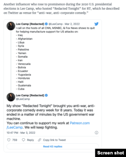 Another influencer who rose to prominence during the 2020 U.S. presidential elections is Lee Camp, who hosted “Redacted Tonight” for RT, which he described on Twitter as venue for “anti-war, anti-corporate comedy.”
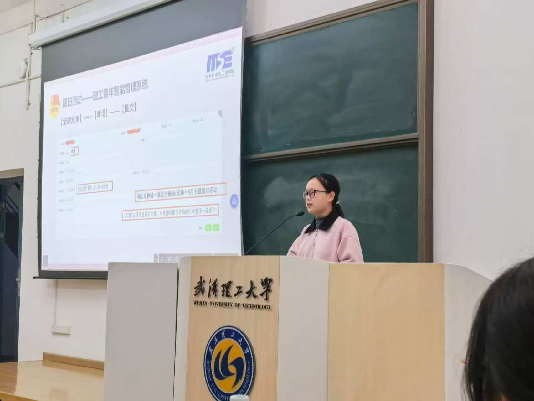 接下来,团委秘书部主要负责人张珂同学为大家介绍了秘书部的工作规划和团支部、团支书评议考核的内容。她简单地介绍了开展团日活动和专题政治学习的详细方法,重点传达了规范使用理工青年系统和智慧团建系统的必要性,让各班级团支书知晓了线上工作开展的流程。
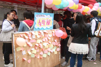 “美丽女生”活动虽然主要是面向女生开展的,但在摆点现场也不乏驻足的男生。女生部工作人员说,“听到这个活动名称,大家可能觉得这是为女生办的活动,其实‘爱青春、爱漂亮、爱美丽’的主题适合每一位老员工。”为此,女生部专门设计了“写心愿”的环节,男生女生都可以在贴纸上写下自己的心愿,希冀美好未来。

## Exercise
Through the line containing "接下来,团委秘书部主要负责人" and no further, restate the data above word for word from its first line, leaving out pictures.

## Output
 Another influencer who rose to prominence during the 2020 U.S. presidential elections is Lee Camp, who hosted “Redacted Tonight” for RT, which he described on Twitter as venue for “anti-war, anti-corporate comedy.”
 接下来,团委秘书部主要负责人张珂同学为大家介绍了秘书部的工作规划和团支部、团支书评议考核的内容。她简单地介绍了开展团日活动和专题政治学习的详细方法,重点传达了规范使用理工青年系统和智慧团建系统的必要性,让各班级团支书知晓了线上工作开展的流程。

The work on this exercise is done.